Directions for this task:
In the listing that follows, find the line with "pasos y evolución.", then copy exactly from it through the line with "RGB lighting off)", leaving out every picture.

Record set:

• • • •

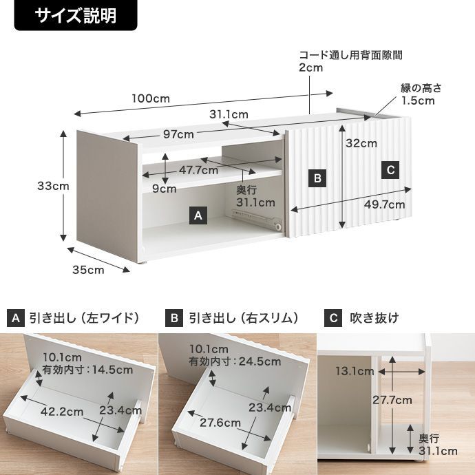 サイズ:幅100cm×奥行35cm×高さ33cm
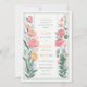 Este convite de casamento único e elegante é perfeito para a primavera e o verão. Apresenta flores e folhagem ranóculas pintadas a aquarelas nas laterais da tipografia da na moda e é esboçada com uma borda única. O esquema de cores inclui bonito rosa, cor de laranja, branco e verde florestal. É lindo, moderno, artístico e na moda, com um toque de fã-bô. É a design perfeita para impressionar seus convidados.
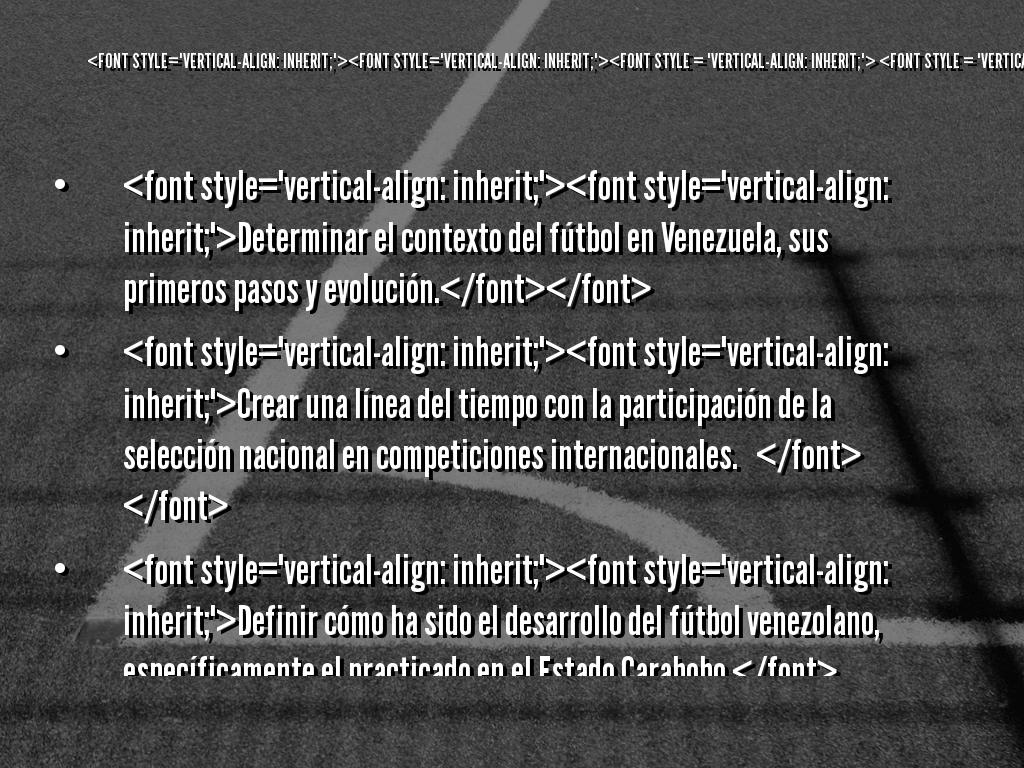 • Determinar el contexto del fútbol en Venezuela, sus primeros pasos y evolución.
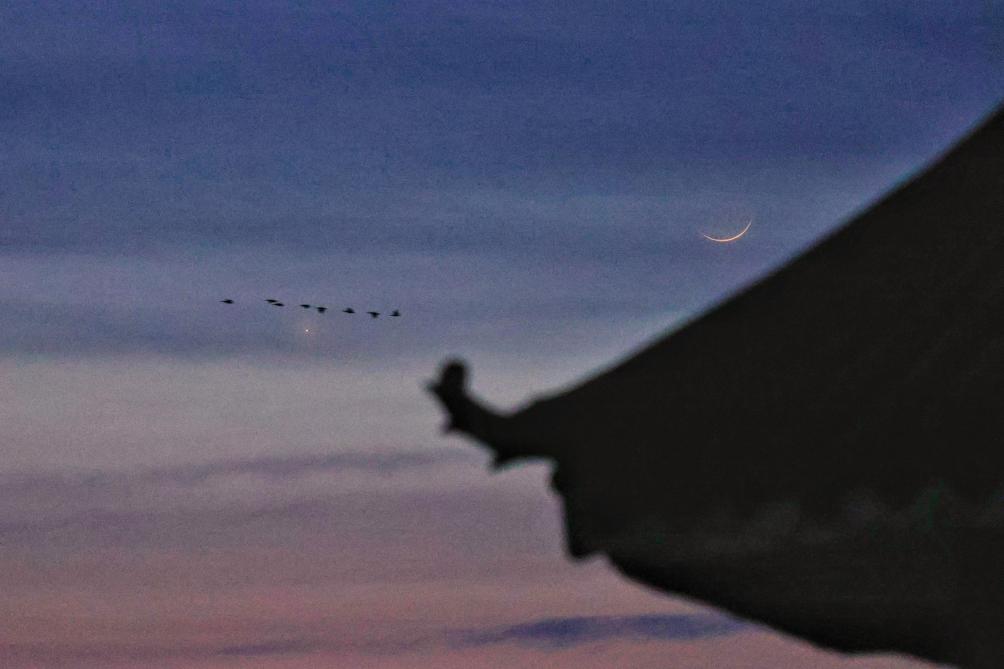 “由于此时还没日落,还是要等天色暗下一些,蛾眉月变得更亮时观测效果更好,因此最佳的观测时间窗口其实并不充裕,只有一个小时左右,还需注意不要被地面的遮挡干扰。”杨婧提醒说。
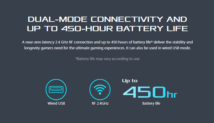 • Dual-mode connectivity via wired USB and 1 ms at 2.4 GHz RF, and up to 450 hours of battery life* offer stable, long-lasting performance (*with RGB lighting off)
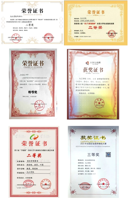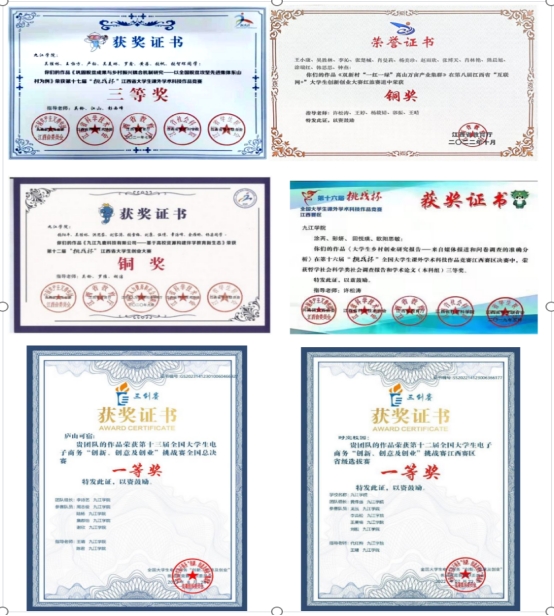 学生素质能力培养成效显著。五年来全院师生团队在全国、江西省创新创业计划训练项目中多次立项,在中国国际大学生创新大赛、“挑战杯”全国大学生系列科技学术竞赛、全国大学生电子商务“创新、创意及创业”挑战赛等各类学科竞赛中表现优异,共荣获国家级奖项149项、省级奖项202项、校级奖项113项。充分展示出学院在全方面育人与创新培养上的深厚实力。此外,学院每年组织学生参加暑期“三下乡”等社会实践活动,在获得多项荣誉的同时,学生们也切实锻炼了实践能力与社会责任感,为今后走向职场和社会奠定了坚实基础。
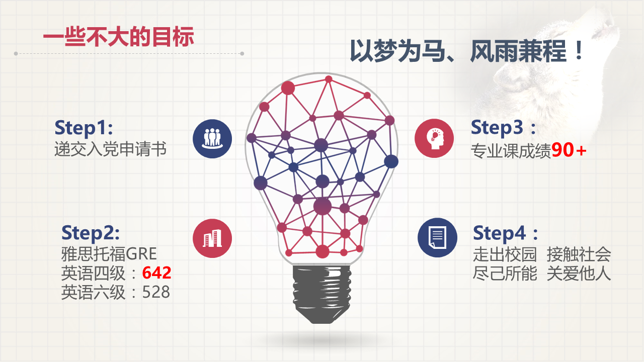 我是来自物理与光电工程学院1506班的李睿意。很荣幸能参与本次答辩。接下来,我将以《风雨兼程铸狼魂》为题,开始我的汇报。
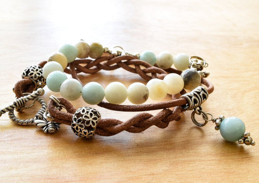 Beginnings, Natural Dark or Light Brown Bracelet with Amazonite Pendant
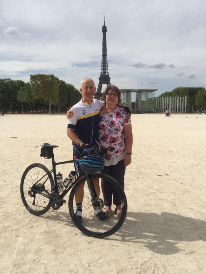 We had lunch after 35km, from which point it was time to make our way to the Eiffel Tower. I loved this part of the ride because I knew that at the end of this section I would see Babs waiting for me. Her arrival made the day and the Tour as a whole something really special and when we met the sense of fulfilment was so much more complete than when I rode this event in 2017. Plenty of sweaty hugs and kisses!
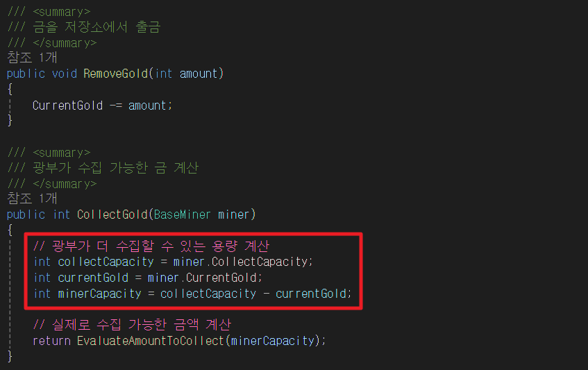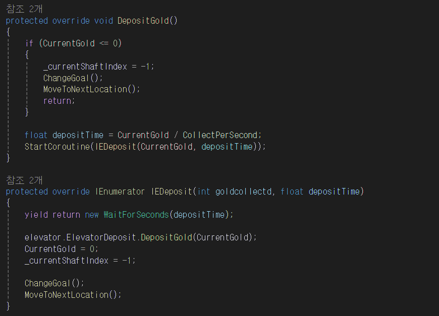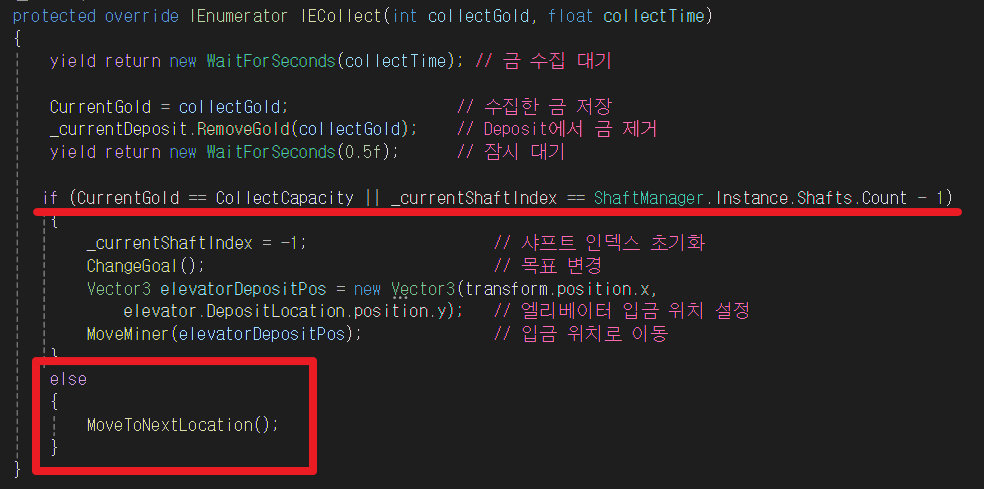 CollectGold 함수에서 ChangeGoal 함수를 호출해 수집 → 입금 상태로 전환한다.
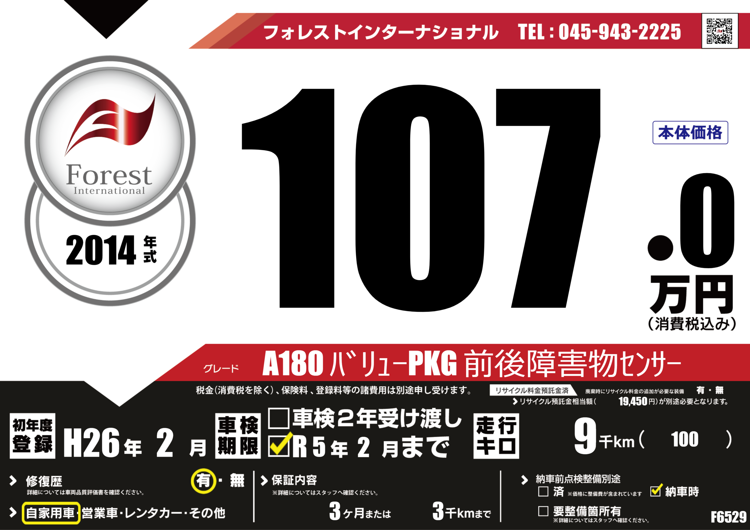 | 走行キロ | 0.9万km | 初年度登録 | H26年2月 |

• • • •

Exercise result:
 • Determinar el contexto del fútbol en Venezuela, sus primeros pasos y evolución.
 “由于此时还没日落,还是要等天色暗下一些,蛾眉月变得更亮时观测效果更好,因此最佳的观测时间窗口其实并不充裕,只有一个小时左右,还需注意不要被地面的遮挡干扰。”杨婧提醒说。
 • Dual-mode connectivity via wired USB and 1 ms at 2.4 GHz RF, and up to 450 hours of battery life* offer stable, long-lasting performance (*with RGB lighting off)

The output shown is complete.